まっ先に頭に浮かんだのは、オスロに住む何人かの知人の安否。彼女たちの方から、FBなどで無事であることを周知していたので、ひとまず安心して、あなたが無事でよかったよとメッセージを送りました。でもそういえば震災の直後、やはり自分も世界中の友達から安否を気遣うメールやメッセージをもらって、私や家族は大丈夫だよと答える度にそれならよかったよと返事が返ってきて、いやいや私は大丈夫でも私のすぐ周囲はちっとも大丈夫ちゃうし!!と複雑な気持ちに陥ったことをふと思い出しました。

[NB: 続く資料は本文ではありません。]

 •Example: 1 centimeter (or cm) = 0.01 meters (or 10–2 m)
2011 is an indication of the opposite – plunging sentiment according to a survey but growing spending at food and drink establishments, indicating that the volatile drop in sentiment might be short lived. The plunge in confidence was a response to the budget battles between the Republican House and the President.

互いに他言語を借りてのやりとりなので、もちろん本人たちがどういう心情でその言葉を書いたかはわかりません。でも、今まさに彼女たちも、あのときの自分と同じ気持ちでいるのかもしれない。そしてもちろん、まださらに何が起きるかわからない恐怖とも戦っているはずです。私たちさえ、北欧というくくりをつい意識してここで戦慄いているほどです。
だから、自分が顔を思い浮かべられる相手だけでなく、その家族、友人、お国の同胞…できるだけ多くの人の悲しみや恐れに寄り添いながら、No more anywhere anytimeと願い続けるしかありません。頼むからもうこれ以上何も起こらないでいてほしい…


*****

さて、時間軸が錯綜しましたが、6月20日より続けていた国内ぐるり旅紀行の最終話を書き終えたいと思います。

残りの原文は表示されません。